The Wellington Faculty of Architecture and Design Innovation is located at the Te Aro Campus. The campus contains an Architecture and Design library.

=== Auckland ===
The School of Business and Government offers selected courses at the Auckland premises, which is located in the Auckland CBD.

=== Other facilities ===
The Victoria University Coastal Ecology Laboratory supports research programmes in marine biology and coastal ecology on Wellington's rugged south coast.

The Miramar Creative Centre is located by the Wētā Workshop buildings on Park Road, Miramar. The centre offers access to work experience and connections with New Zealand's film, animation and game design industries.

=== Library ===
The library was established in 1899. The collections are dispersed over four locations: Kelburn Library, Law Library, Architecture and Design Library and Commerce Library. The library also has a collection of digital resources and full text material online. In addition to electronic resources, printed books and journals, the Library also acquires works in microform, sound recordings, videos and other media consistent with the university's academic programme needs.

The library holds approximately 1.3 million printed volumes. It provides access to 70,000 print and electronic periodical titles and 200,000 e-books. It is an official Depository Library (DL-296) of the United Nations System (DEPOLIB), one of only three in the country. The J. C. Beaglehole Room is the official repository of all archival and manuscript material, and provides a supervised research service for access to rare books, fine or fragile print items, and 'last resort' copies of university publications.

The New Zealand Electronic Text Centre (NZETC) is a digital library of significant New Zealand and Pacific Island texts and materials, arranged according to the Library of Congress classification system. The library has two online repositories: the ResearchArchive is its open research repository, which makes the university's research freely available online and the RestrictedArchive, which is the university's private research repository and is accessible only to Victoria University staff and students.
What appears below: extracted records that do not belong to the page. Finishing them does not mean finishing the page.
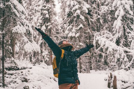 Photo of man with hands up for walk in winter forest.
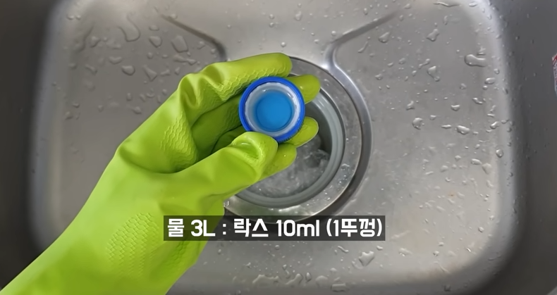 싱크대에 찬물을 채워 염소가스 발생을 막아줍니다.
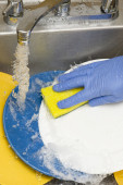 Cleaner kropi detergentu na ściereczki do czyszczenia kuchni. Człowiek, czyszczenie kuchenki gazowe. zbliżenie
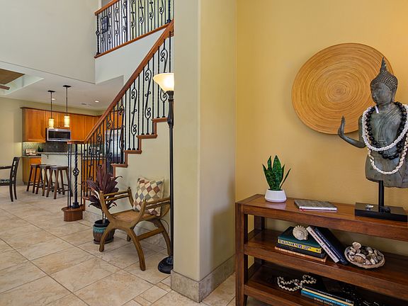 The end-unit townhome floor plan, (no one above or below), is flexible with bedroom #1 on the ground floor & a roomy 2nd floor Primary Suite where you can unwind or wake up to tropical views on its private lanai!
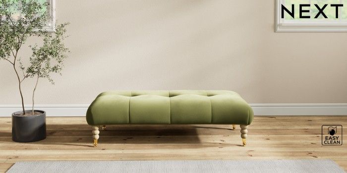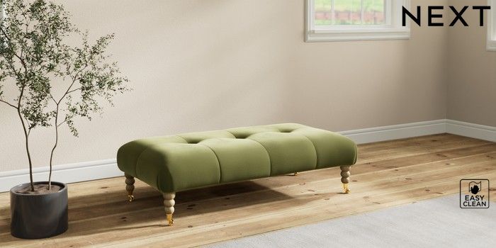 7.2.10 Erin Buttoned Back Deep Relaxed Sit Extra Large Footstool Plush Velvet Easy Clean Mid Olive Green High Classic Turned Brass Castor - Light | Made Click here to use our website with more accessibility support, for example screen readers
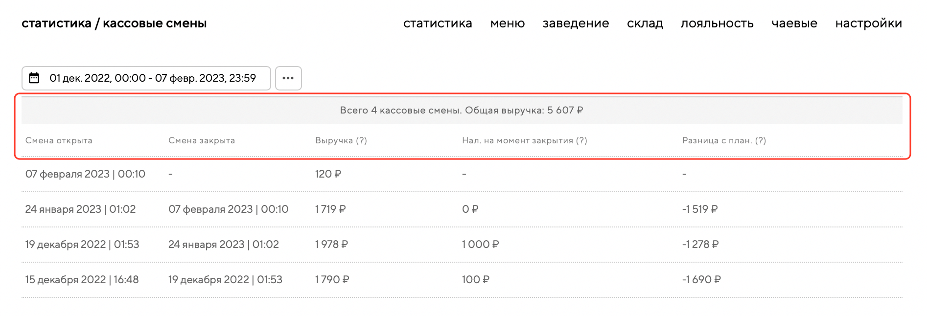 В разделе «кассовые смены» отображается информация по каждой кассовой смене: дата открытия и закрытия кассовой смены, выручка, фактический остаток наличных в кассе на момент закрытия, а также разница между фактическим остатком наличных в кассе и планируемым:
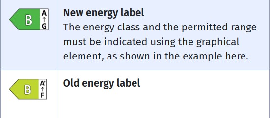 Gli annunci pubblicitari devono fornire informazioni sulla classe energetica del prodotto e sulle classi energetiche attualmente consentite dalla normativa vigente, dette "intervallo consentito". È necessario che siano rispettati i seguenti requisiti:
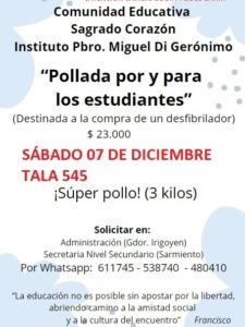 La Comunidad Educativa Sagrado Corazón organiza una pollada para recaudar fondos para la compra de un desfibrilador.
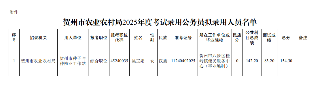 1 賀州市人力資源和社會(huì)保障局2025年公開(kāi)遴選公務(wù)員擬任用人員名單
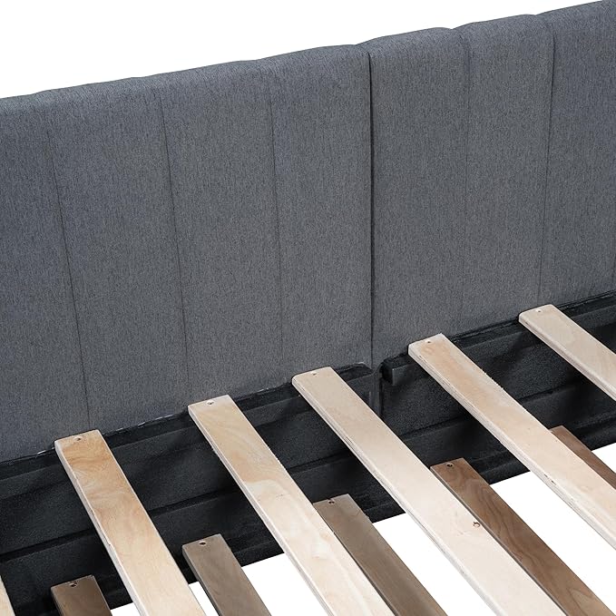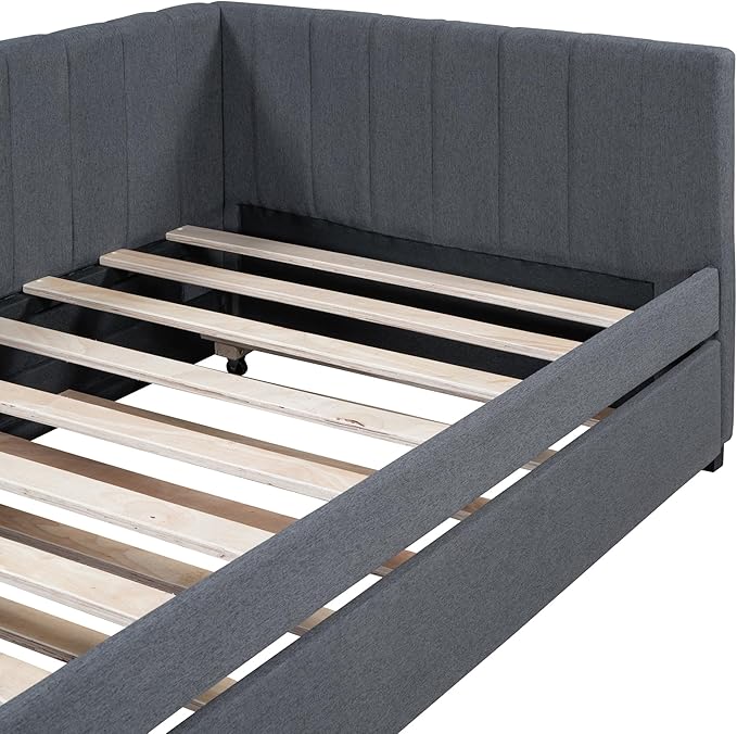Twin Size Upholstered Linen Daybed with 2 Trundle,Semi-Closed Design,Solid Wood Bed Frame,W/Backrest and Slat Support,No Box Spring Needed,for Apartment Bedroom,Gray
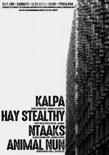 Ολοένα και συχνότερα, ακόμα κι εντός των D.I.Y. σκηνών, βλέπουμε να παρεισφύουν οι λογικές του εμπορεύματος, γεννώντας διαχωρισμούς σε "μπάντες και είδη που τραβάνε τον κόσμο" και το αντίθετο. Ως Υπόγα, θέλουμε να συνδιοργανώνουμε με άτομα που συγγενεύουμε ιδεολογικά, διαλύοντας έμπρακτα αυτούς του διαχωρισμούς. Ένα τέτοιο live είναι κι αυτό που στήνουμε το Σάββατο, μαζί με τους Kalpa, Hay Stealthy, Ntaaks και Animal Nun.
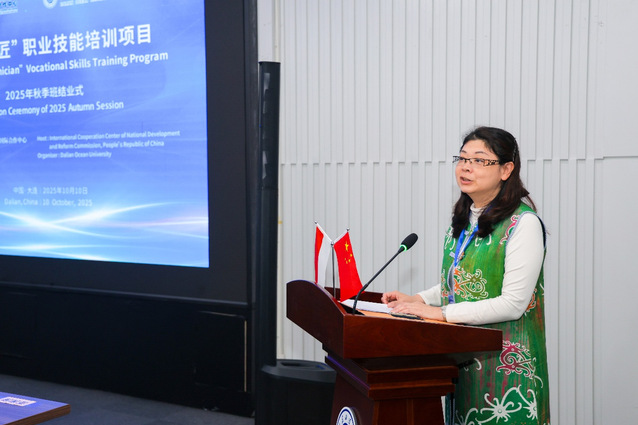 授课教师代表李冰玉对学员们顺利完成学业表示热烈祝贺,并肯定了印尼学员在学习过程中展现出的勤奋好学与积极探索精神。她期望学员们能将此次培训所获得的知识与技能有效应用于本国渔业实践,成为推动中印尼渔业合作与交流的桥梁。

=== Campus developments ===

==== Te Huanui and 320 The Terrace ====

In September 2014, the university announced that it would purchase the abandoned Gordon Wilson Flats from Housing New Zealand. It was subsequently revealed that the purchase price was over NZ$6 million. The university bought the site due to its close proximity to the Kelburn campus, with the potential to create a link between Ghuznee St and the Terrace to the campus.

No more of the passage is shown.